Я привёл эту речь как образец замечательного красноречия Джека и убедительности его рассуждений на такие сокровенные материи.

Кроме того, был он человек очень широких замыслов в делах благочестия. Он ввёл новое божество, которое с тех пор приобрело огромное число почитателей. Иные называли его Вавилоном, другие Хаосом. Был у этого божества древний храм готической архитектуры на солсберийской равнине, славный своими реликвиями и привлекавший много паломников.

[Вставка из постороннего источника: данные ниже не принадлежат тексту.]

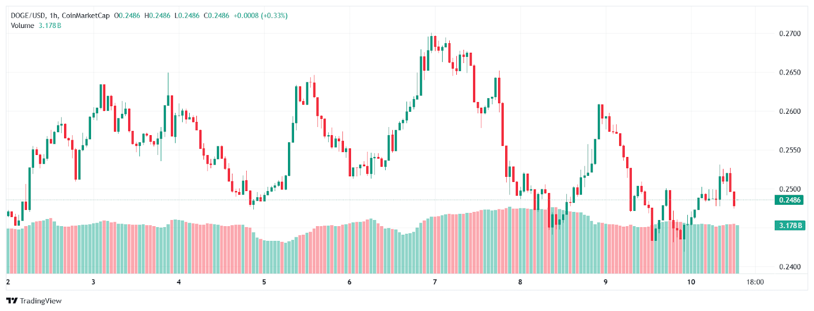 Dogecoin price today is $0.248843, showing a mild gain of +1.72% in the past day. Trading volumes remain high at 3.178 billion, confirming DOGE’s status as one of the most liquid meme coins. Technical charts show fluctuations between $0.24 and $0.26 this week, yet sentiment is firmly bullish. Nearly half of participants rated the outlook as “very bullish” for Q4 2025.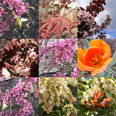 Happy May 1st. My garden, or rather, my back patio is all abloom with Weeping Redbud, Japanese Mountain Fire, Thundercloud Plum, tulips, Snowdrift Flowering Crab, and a tiny little Fountain Weeping Cherry.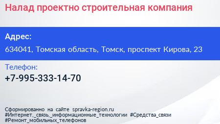 Налад, проектно-строительная компания по адресу 634041, Томская область, Томск, проспект Кирова, 23 в дальнейшем Организация, размещена в следующих категориях:
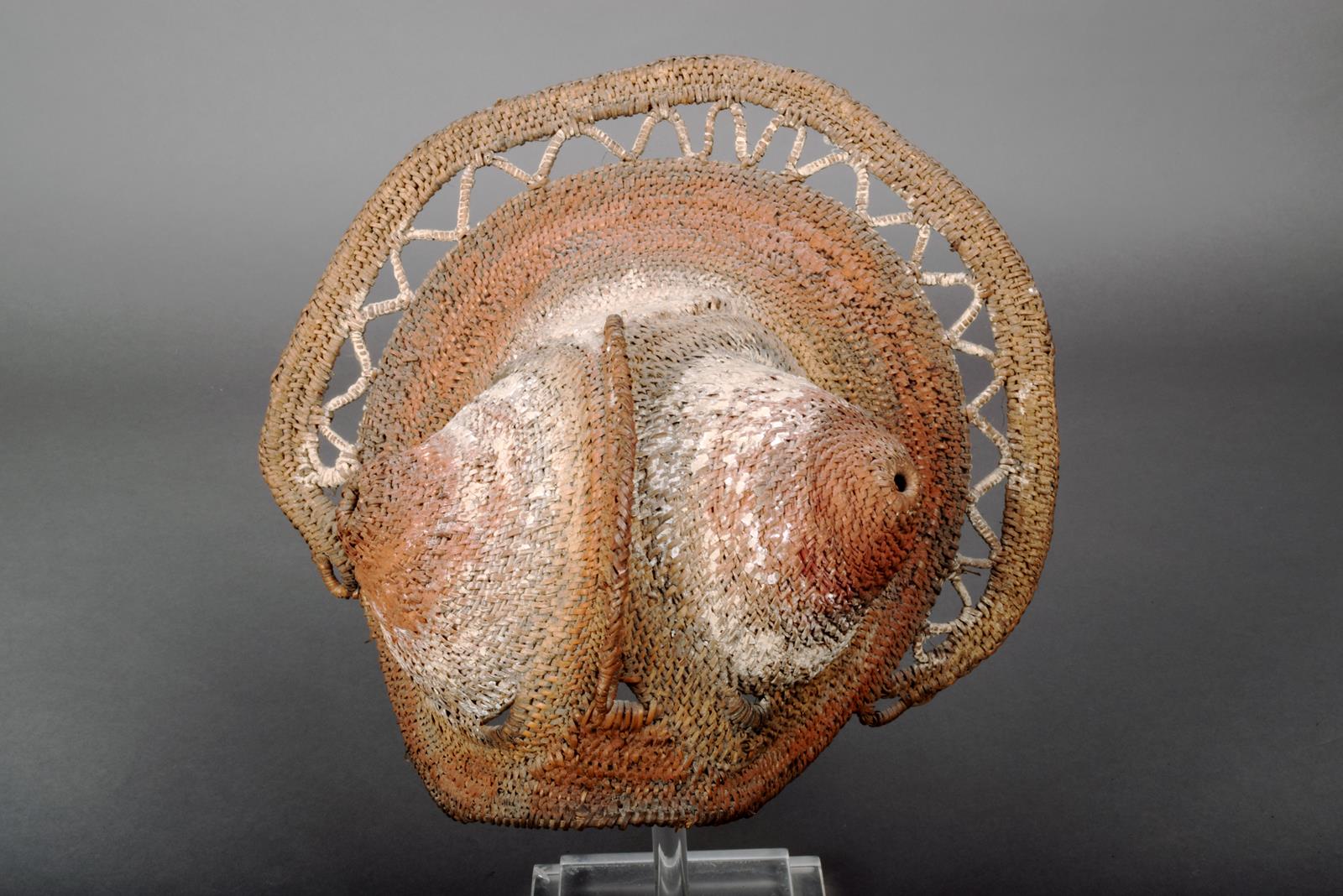 An Abelam Yam mask, Papua New Guinea, woven fibre with pigment decoration, 21cm high.

Когда Джек затевал какую-нибудь гнусность, он становился на колени, иногда прямо в канаву, закатывал глаза и начинал молиться[205]. Люди, знавшие его выходки, старались подальше обходить его в таких случаях; но если кто-нибудь чужой подходил из любопытства послушать, что он бормочет, или смеялся над его ужимками, он моментально вытаскивал одной рукой свой аппарат и пускал струю прямо в глаза любопытного, а другой закидывал его с ног до головы грязью.

Зимой он всегда ходил незастёгнутый, нараспашку и одевался как можно легче, чтобы впускать окружающий его жар; летом же закрывался как можно теплее, чтобы не допускать его к себе[206].

При всех государственных переворотах он домогался должности главного палача[207] и в исправлении этих благородных обязанностей обнаруживал большую ловкость, пользуясь вместо маски длинной Молитвой[208].

Язык у него был такой мускулистый и тонкий, что он мог просовывать его в нос и держать таким образом весьма странные речи. Он первый также в наших королевствах стал совершенствовать испанскую способность реветь по-ослиному; и при длинных ушах, постоянно насторожённых и стоявших торчком, он довёл своё искусство до такого совершенства, что при помощи зрения или слуха было крайне трудно отличить копию от оригинала.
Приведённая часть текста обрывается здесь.